Step Five Determination
Clearly, the ALJ's hypothetical questioning of the vocational expert was lacking since he did not adequately include the manipulative restrictions found by Dr. Mungul and to which Claimant testified. On remand, the ALJ shall rectify this deficiency.
Conclusion
The decision of the Commissioner is not supported by substantial evidence and the correct legal standards were not applied. Therefore, the Magistrate Judge recommends for the above and foregoing reasons, the ruling of the Commissioner of Social Security Administration should be REVERSED and the matter REMANDED for further proceedings consistent with this Order.

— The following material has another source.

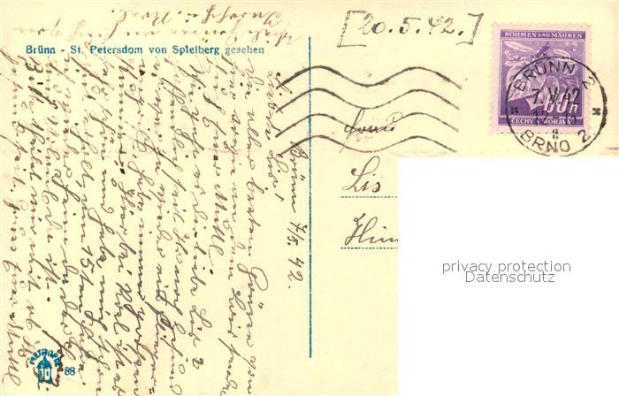 old postcard Bruenn Brno St Petersdom von Spielberg gesehen postalisch gelaufen Erhaltung siehe scans [WerneD78]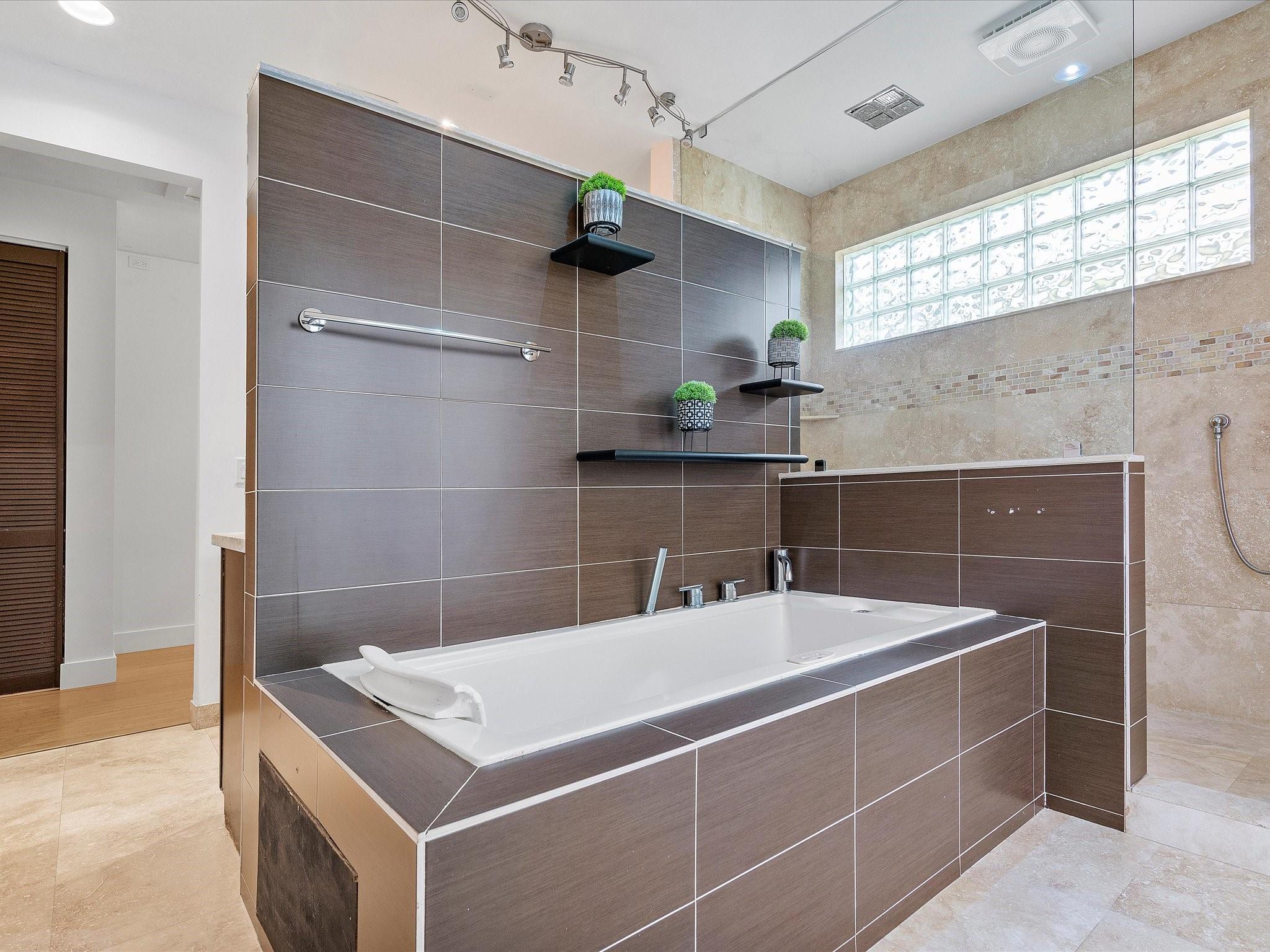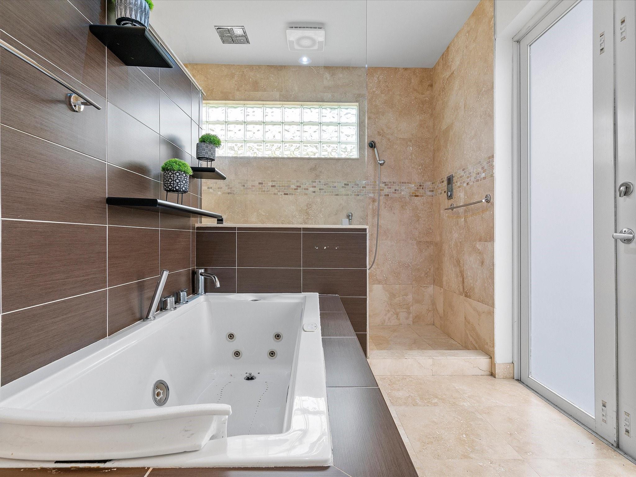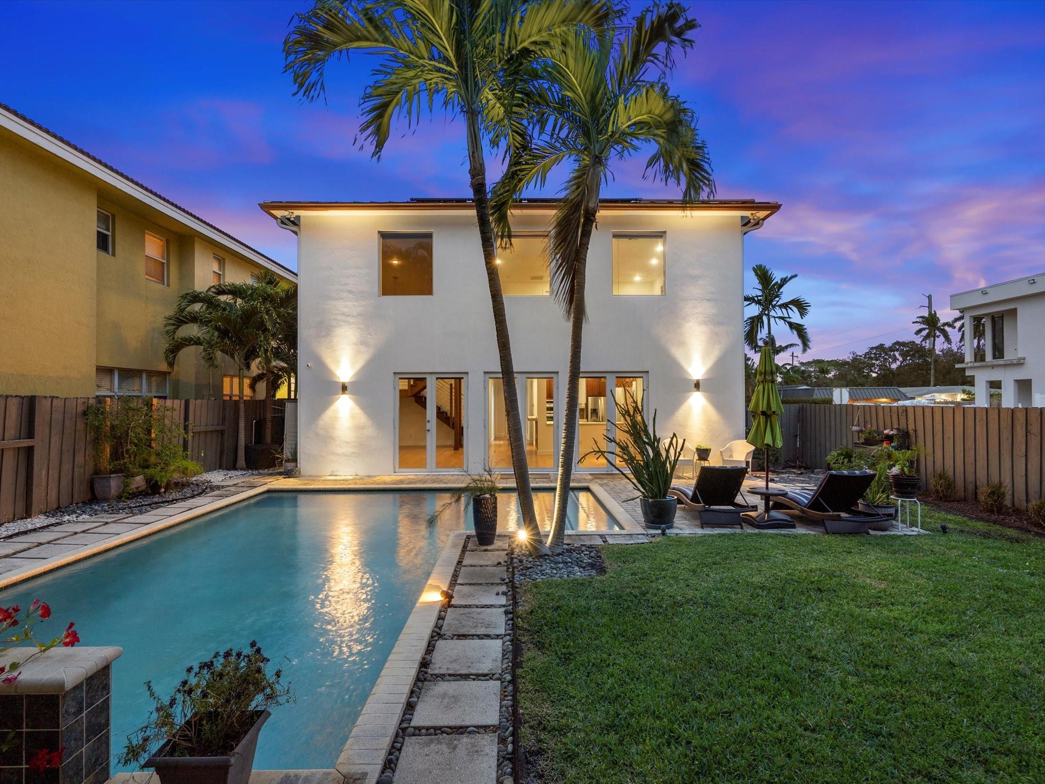 Spacious 3 Bedroom 2 Bathroom Single Family Home w/ Pool. It features bamboo & tile flooring, newly renovated bath, & 20' high ceilings in the living/dining area. Upstairs is the expansive Primary Suite with custom closet & ensuite with a shower w/8 programmable jets also spa tub w/ fiber optic lights. There's also a loft that's perfect for a home office. The kitchen has stainless steel appliances, wall oven, & custom concrete counters. The backyard is simply stunning. It's fenced in, has ample greenspace, a brick pavered patio and the most welcoming pool you'll ever see. Additional features: Solar heated pool, impact windows/doors, Two zone AC units,Tesla & RV chargers & laundry room. Here you'll be just blocks to Holiday Park, the beach, Las Olas, Mall, HTB State Park and lots of dining.

The parties are herewith given fourteen (14) days from the date of the service of these Report and Recommendation to file with the Clerk of the court any objections, with supporting brief. Failure to object to the Report and Recommendation within fourteen (14) days will preclude appellate review of this decision by the District Court based on such findings.
DATED this 15th day of September, 2014.